Петр Великий был чрезвычайно мало связан узами религиозности и то же, конечно, надо сказать и обо всем окружавшем его бюрократическом генеральном штабе. Зато сознание того, что точные знания о природе являются базой правильного хозяйствования, правильного распоряжения людьми и вещами, крепко вошло в голову хозяев тогдашней России. Отсюда естественное стремление как можно скорее пересадить науку на русскую почву. Строя свою Санкт–Петербургскую Академию, Петр вовсе не думал механически пересадить приглашенных им многоученых немцев в Россию. Говорят, что Петр любил иностранцев; конечно, он находил в них более понимающих помощников, но он великолепно видел, что прививке науки должно во что бы то ни стало содействовать возникновение собственной национальной научной поросли, которая обеспечивала бы возможность большей независимости от Европы. Ленивого русского помещичьего щенка было невероятно трудно заставить учиться. Но Петр решил не жалеть палок и заставить долбить европейскую науку российских недорослей. Немцы призывались для этого, и к немцам отправляли хоть сколько–нибудь способных барчуков.

Очень характерны те, так сказать, кумовья, которые стояли у купели будущей Академии Союза Советских Социалистических Республик. Петр во многом брал свой устав от Парижской Академии наук. Парижская Академия еще и в десятой доле не развернула той революционности научной мысли, которой отличались французские просветители несколькими десятками лет позже, но тем не менее это была очень серьезная буржуазная батарея. Ее членами были очень многие дворяне, но это были дворяне обуржуазенного типа.

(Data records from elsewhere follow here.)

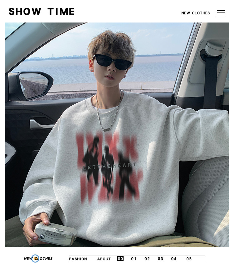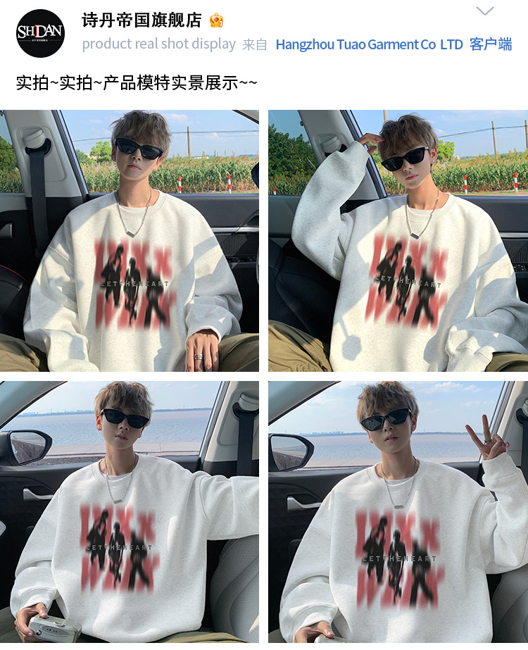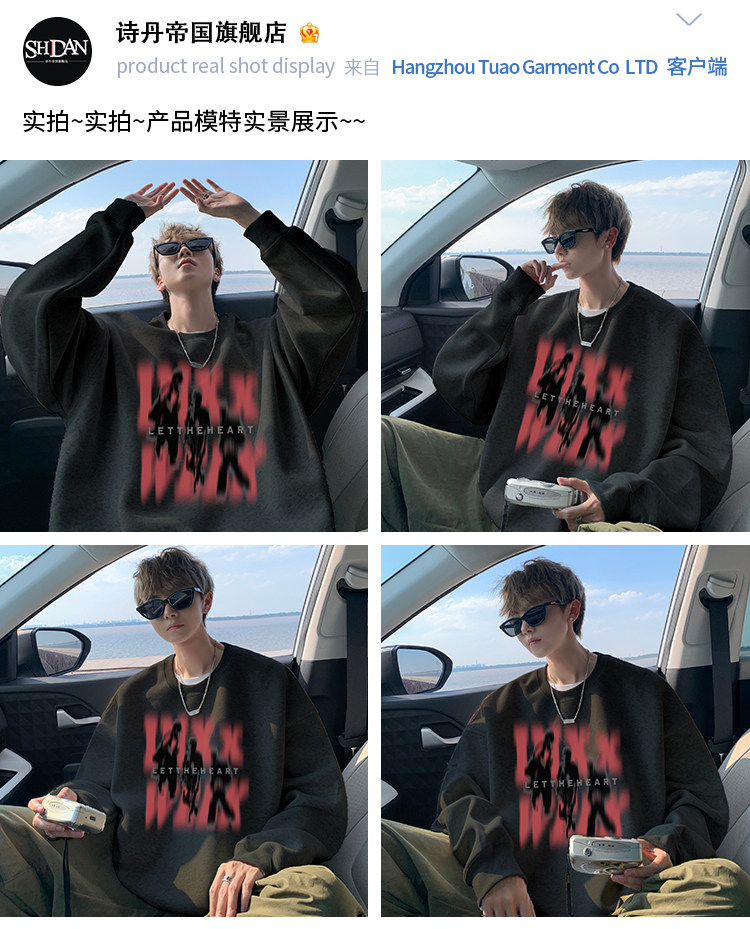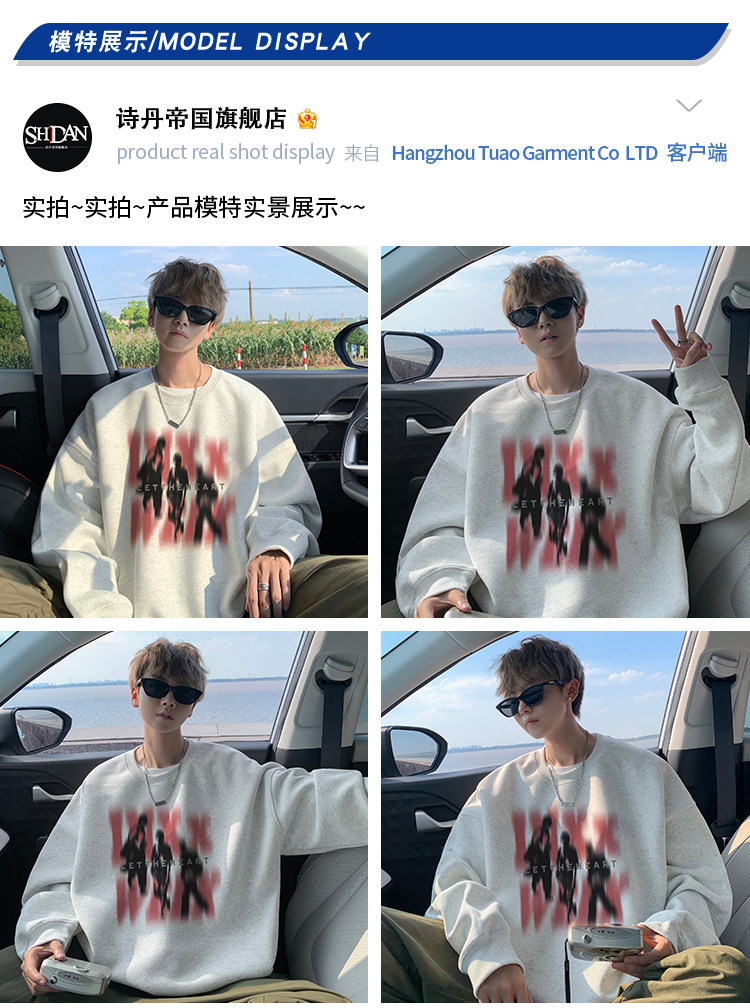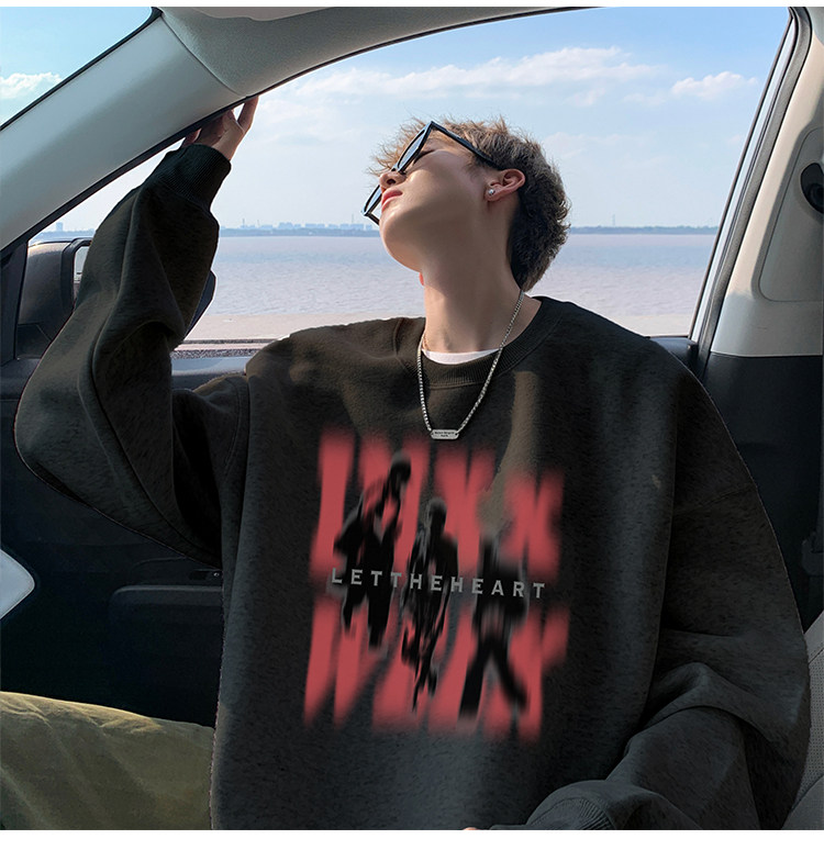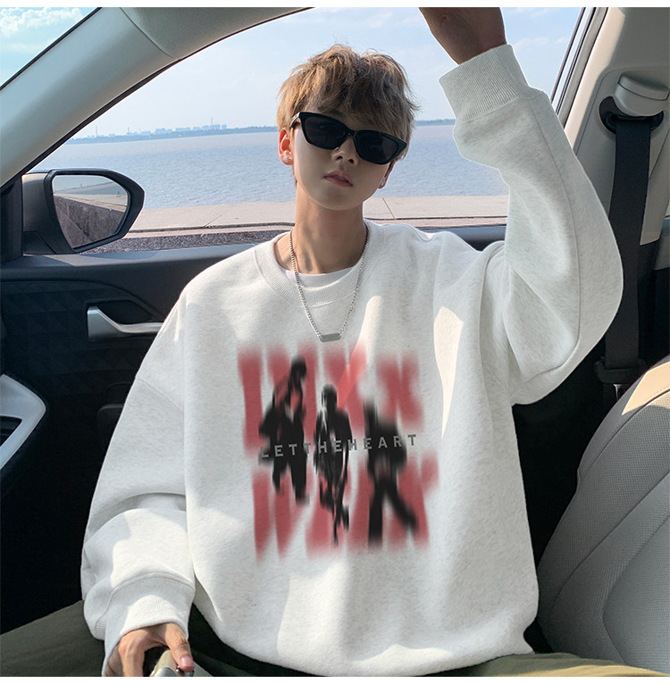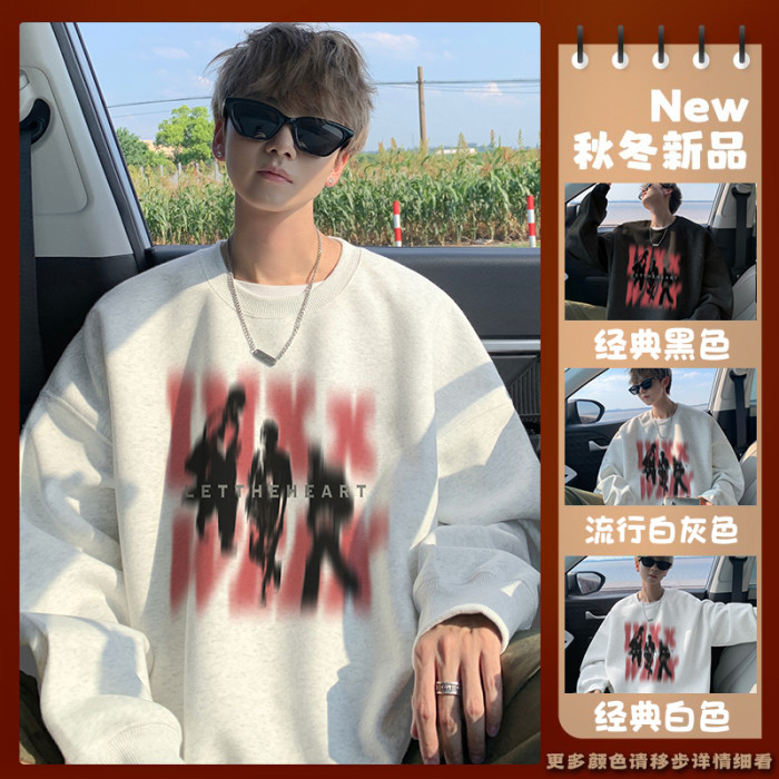 衛衣男春秋款2025新款美式潮牌痞帥上衣長袖早秋慵懶圓領打底T恤
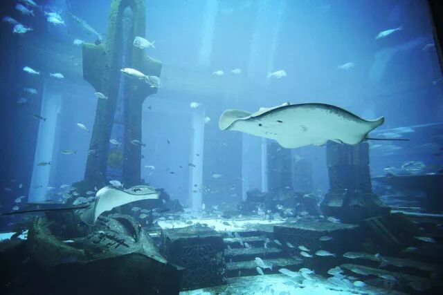亚特兰蒂斯(Atlantis) 柏拉图笔下描绘的海底王国 传说中这个被海洋包围的一整块陆地 因遭遇到突来的水灾和地震 最终沉入海底 而近一个世纪以来 考古学家在大西洋底找到的史前文明的遗迹 似乎在印证着这个传说。 关于亚特兰蒂斯的传说 充满了神秘 新奇和刺激 酒店业相继出现的亚特兰蒂斯品牌 更是代表着一种奢华和水上娱乐的震撼效果 ▼鸟瞰迪拜棕榈岛亚特兰蒂斯
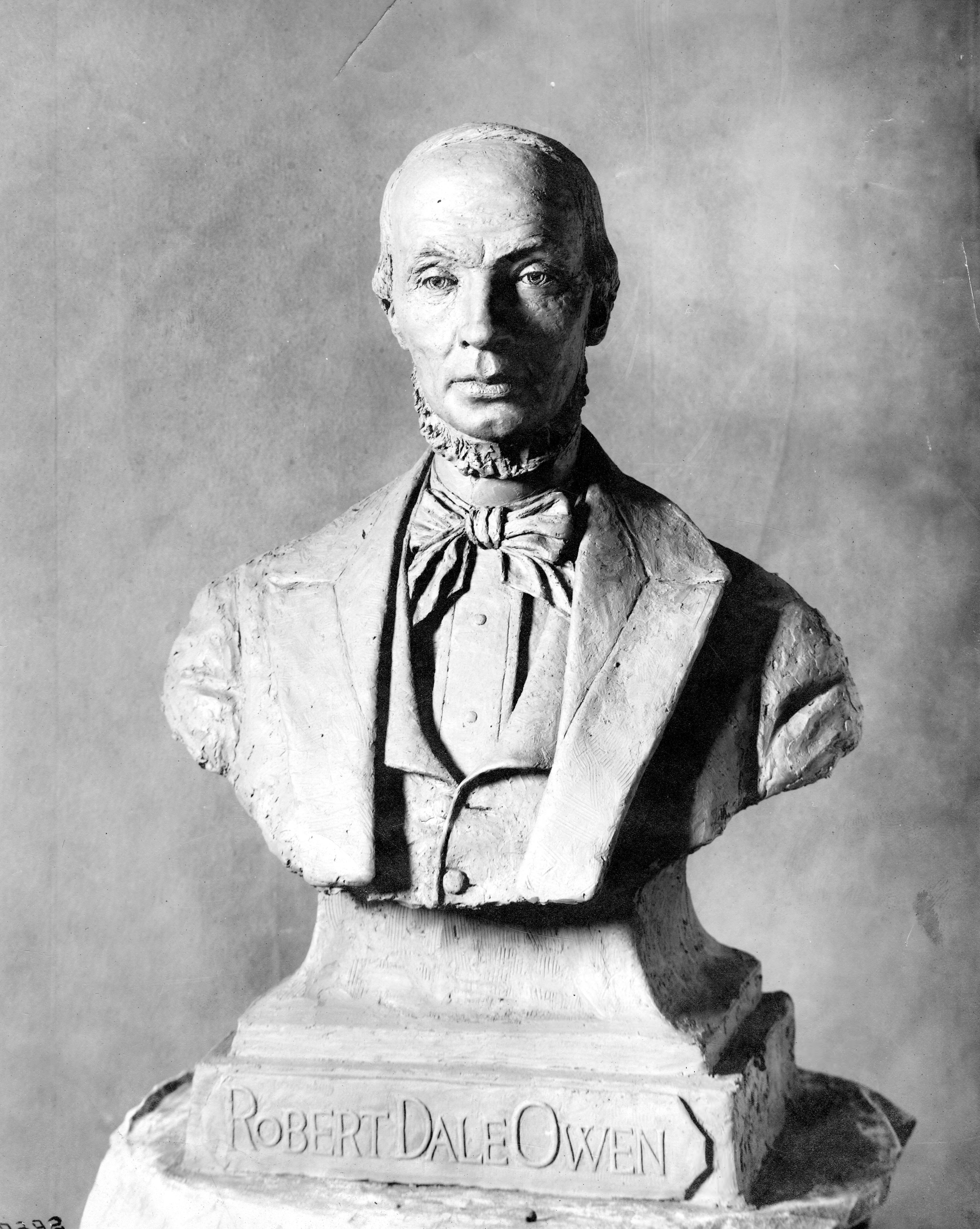 Robert Dale Owen (1801-1877) bust.""Robert Dale Owen was the eldest son of British social reformer Robert Owen. In 1825, both moved to New Harmony, Indiana, where the son soon became editor of the town's first newspaper, the New Harmony Gazette. Robert Owen had purchased the town in order to establish a community based on his principles of social reform. By 1827, the community had lapsed into individualism, the father had returned to England, and the son had begun working closely with social reformer Frances Wright. Together they traveled to her experimental community at Nashoba, Tennessee, then Europe, and then to New York, where he became editor of the radical freethought newspaper, Free Enquirer. By 1833, the freethought movement had waned, and R. D. Owen moved back to New Harmony. He served in the Indiana legislature (1836-38) and U. S. House of Representatives (1843-47), where he introduced the bill establishing the Smithsonian Institution. Owen served as chairman of the Smithsonian Building Committee (link below). Later, he held the diplomatic position of charge d'affairs (1853-1858) in Naples, Italy." (https://faculty.evansville.edu/ck6/bstud/rdowen.html) This bust was sent to the capital in Indianapolis but is now missing.

В Парижской Академии, в самой интересной для Петра части ее, среди математиков, механиков, физиков, химиков и всякого рода других естествоиспытателей, царила та же влюблённость в приобретение точных знаний о природе. Позднее именно на этой почве вырастет чудесный цветок энциклопедии Дидро. Парижская наука позднее не только будет содействовать революционному рационализму, этой весьма активной силе в стихийном сдвиге конца XVIII века, но солидаризируется с самими революционерами, даст своих членов во все партии вплоть до самой крайней, предложит весьма действенную помощь науке в деле самообороны революционной Франции и устроения новой жизни. Вместе со всей французской буржуазией, французская паука переживает огромный под’ем вверх не только в смысле чисто научных достижений, но и в смысле понимания глубочайшей внутренней связи между наукой и революцией, понимаемой как процесс сознательного устроения целесообразных форм жизни на земле. Заложенного в Парижской Академии революционного заряда Петр, конечно, не понимал. Ему было важно приобрести орудие просвещения своего дворянского чиновничества и опору для развития национальной промышленности и торговли, а также и в первую очередь военной техники.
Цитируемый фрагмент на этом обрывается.